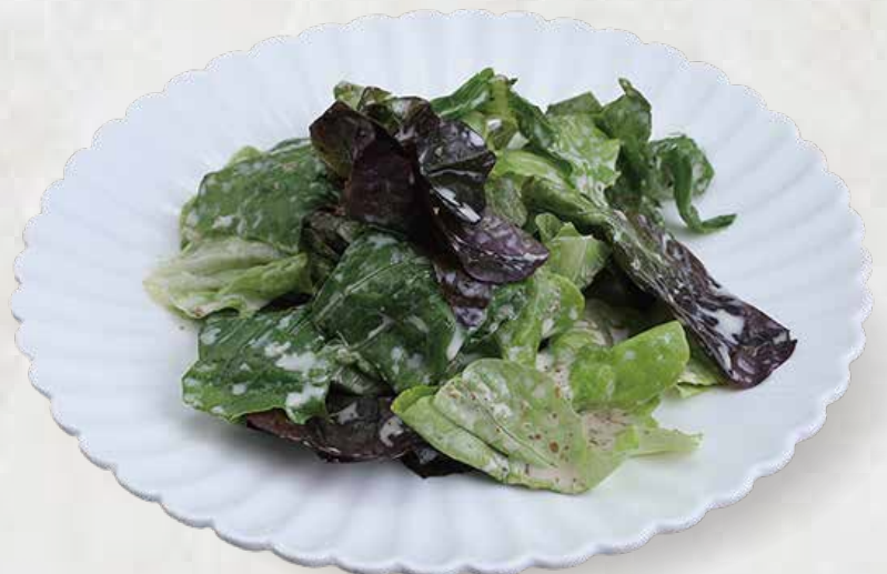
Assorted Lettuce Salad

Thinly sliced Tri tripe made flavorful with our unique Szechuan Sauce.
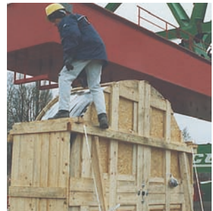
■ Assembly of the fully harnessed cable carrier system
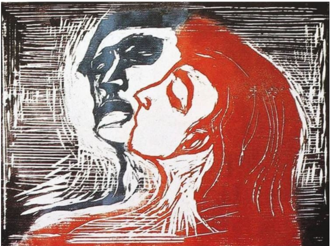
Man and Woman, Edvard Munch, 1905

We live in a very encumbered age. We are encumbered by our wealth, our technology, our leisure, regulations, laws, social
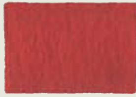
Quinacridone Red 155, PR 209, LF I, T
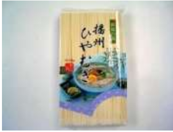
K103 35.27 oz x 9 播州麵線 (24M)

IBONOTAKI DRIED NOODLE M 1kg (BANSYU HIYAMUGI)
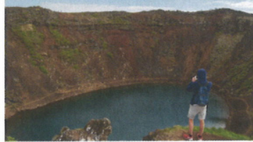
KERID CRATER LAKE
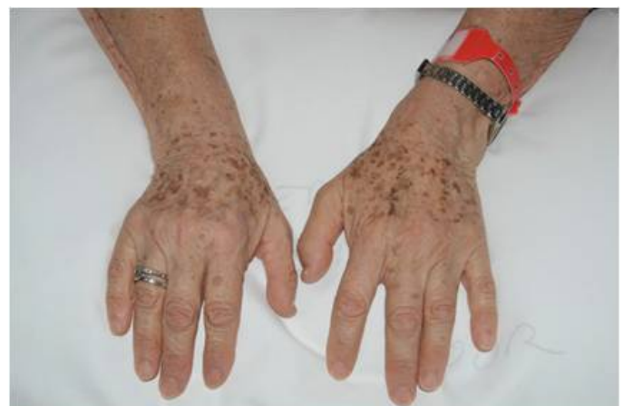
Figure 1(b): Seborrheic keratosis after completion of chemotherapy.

### What the task asks
Could you reproduce the listing above word for word while leaving out its pictures?

### Result of the task
Assorted Lettuce Salad

Thinly sliced Tri tripe made flavorful with our unique Szechuan Sauce.
■ Assembly of the fully harnessed cable carrier system
Man and Woman, Edvard Munch, 1905

We live in a very encumbered age. We are encumbered by our wealth, our technology, our leisure, regulations, laws, social
Quinacridone Red 155, PR 209, LF I, T
K103 35.27 oz x 9 播州麵線 (24M)

IBONOTAKI DRIED NOODLE M 1kg (BANSYU HIYAMUGI)
KERID CRATER LAKE
Figure 1(b): Seborrheic keratosis after completion of chemotherapy.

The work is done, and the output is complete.